Input material ::
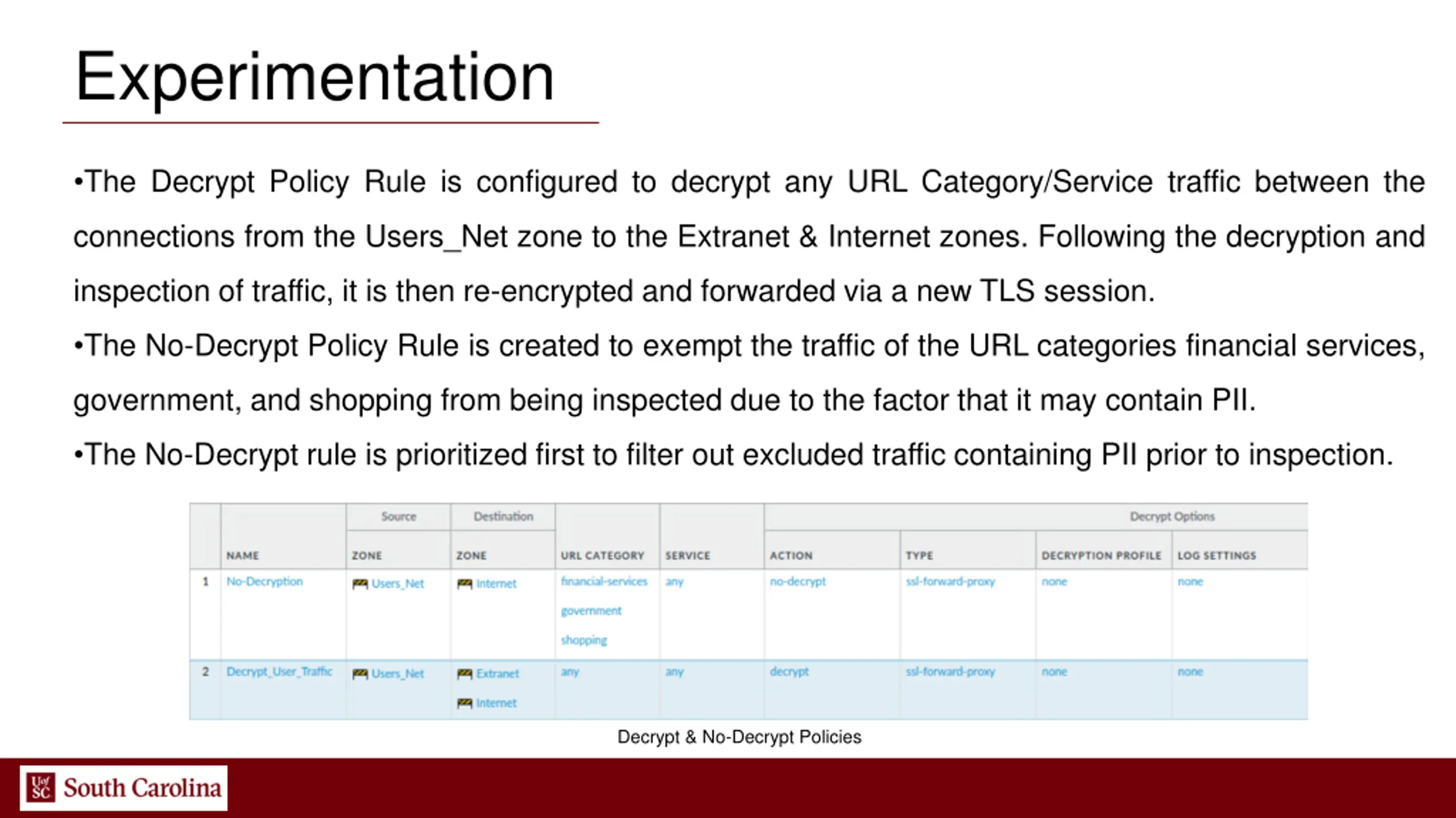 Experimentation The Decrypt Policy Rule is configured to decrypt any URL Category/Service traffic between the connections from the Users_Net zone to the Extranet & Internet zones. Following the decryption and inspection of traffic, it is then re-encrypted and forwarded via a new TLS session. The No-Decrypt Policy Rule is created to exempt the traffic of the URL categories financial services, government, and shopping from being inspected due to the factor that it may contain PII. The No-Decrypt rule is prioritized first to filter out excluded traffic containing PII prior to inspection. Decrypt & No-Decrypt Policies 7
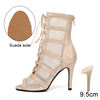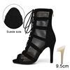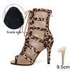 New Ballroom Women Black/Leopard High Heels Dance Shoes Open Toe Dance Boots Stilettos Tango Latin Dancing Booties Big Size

---

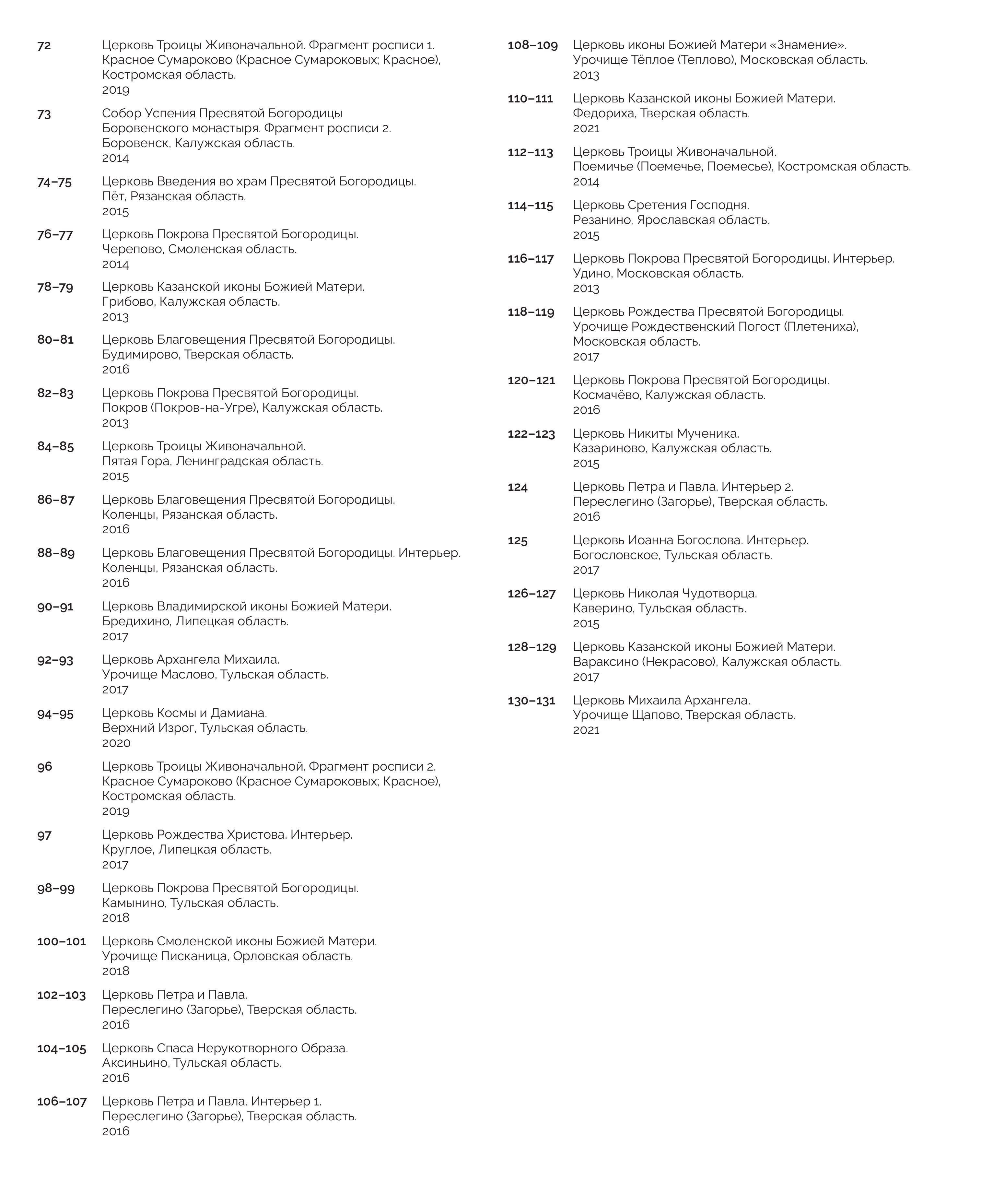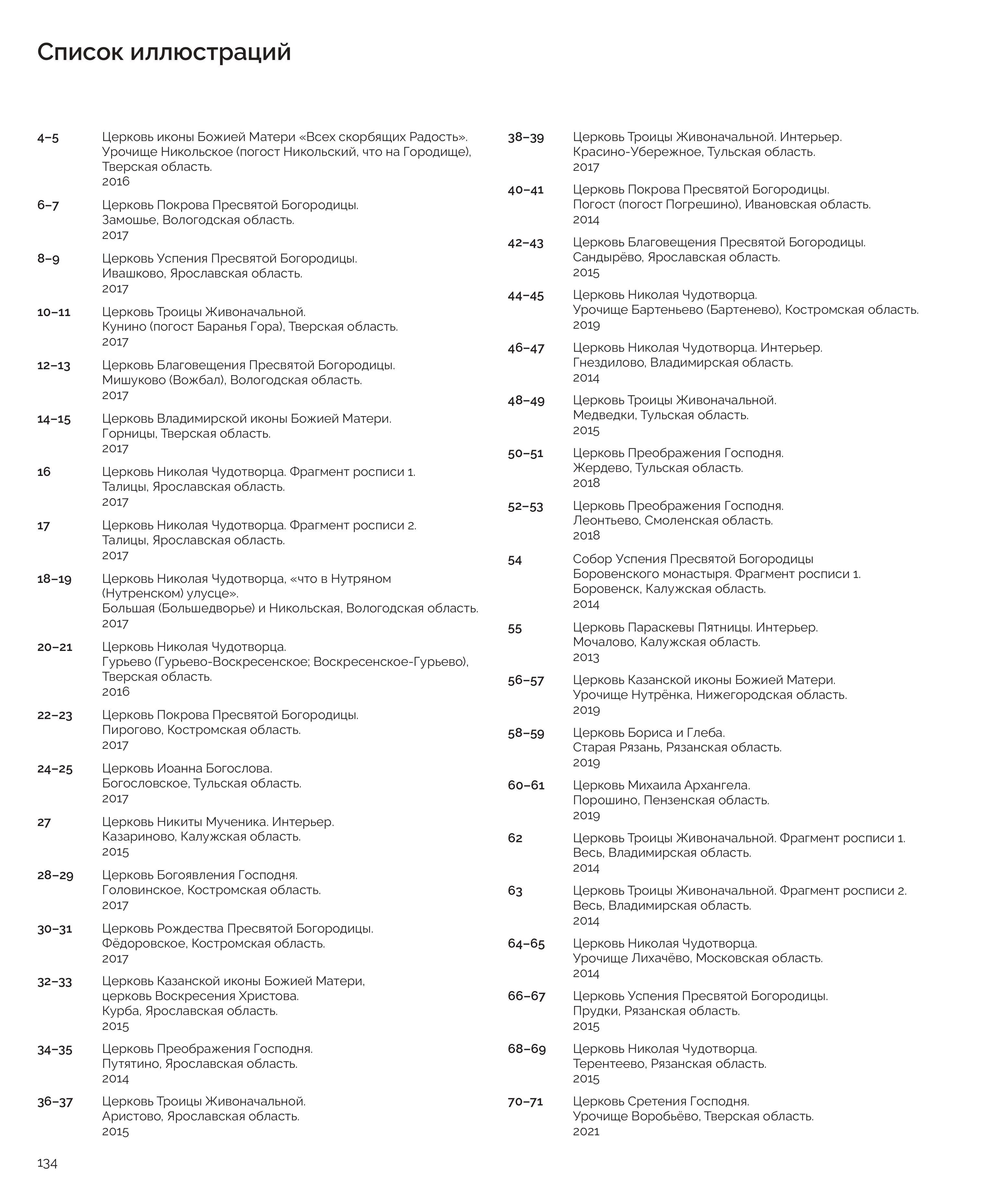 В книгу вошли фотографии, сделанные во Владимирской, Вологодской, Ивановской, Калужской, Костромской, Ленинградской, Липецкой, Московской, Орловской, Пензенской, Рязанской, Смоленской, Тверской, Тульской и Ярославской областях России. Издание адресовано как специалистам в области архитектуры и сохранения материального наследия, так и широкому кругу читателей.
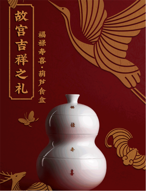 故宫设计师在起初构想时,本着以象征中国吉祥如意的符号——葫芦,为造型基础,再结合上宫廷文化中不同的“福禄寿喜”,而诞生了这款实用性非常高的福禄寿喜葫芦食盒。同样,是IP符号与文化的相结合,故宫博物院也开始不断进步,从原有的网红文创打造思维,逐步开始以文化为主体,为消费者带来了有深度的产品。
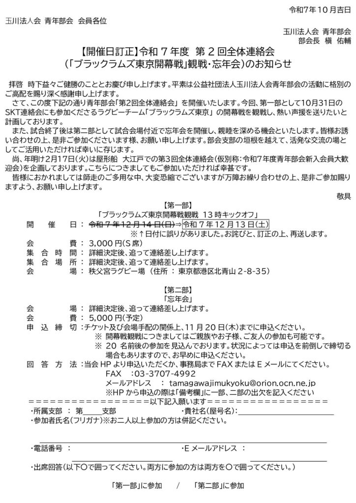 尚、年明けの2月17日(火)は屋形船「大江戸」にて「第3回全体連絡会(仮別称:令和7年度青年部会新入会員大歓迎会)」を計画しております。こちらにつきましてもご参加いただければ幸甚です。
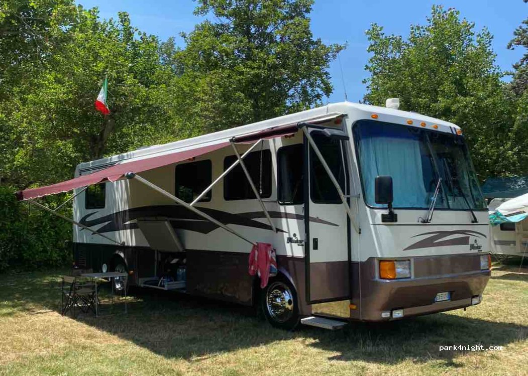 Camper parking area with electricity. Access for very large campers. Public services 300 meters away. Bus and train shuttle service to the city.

Problem to work on :: Word for word, repeat the lines above from the one with "尚、年明けの2月17日(火)" through the one with "Camper parking area", and nothing beyond them. Omit the pictures.

Task answer ::
 尚、年明けの2月17日(火)は屋形船「大江戸」にて「第3回全体連絡会(仮別称:令和7年度青年部会新入会員大歓迎会)」を計画しております。こちらにつきましてもご参加いただければ幸甚です。
 Camper parking area with electricity. Access for very large campers. Public services 300 meters away. Bus and train shuttle service to the city.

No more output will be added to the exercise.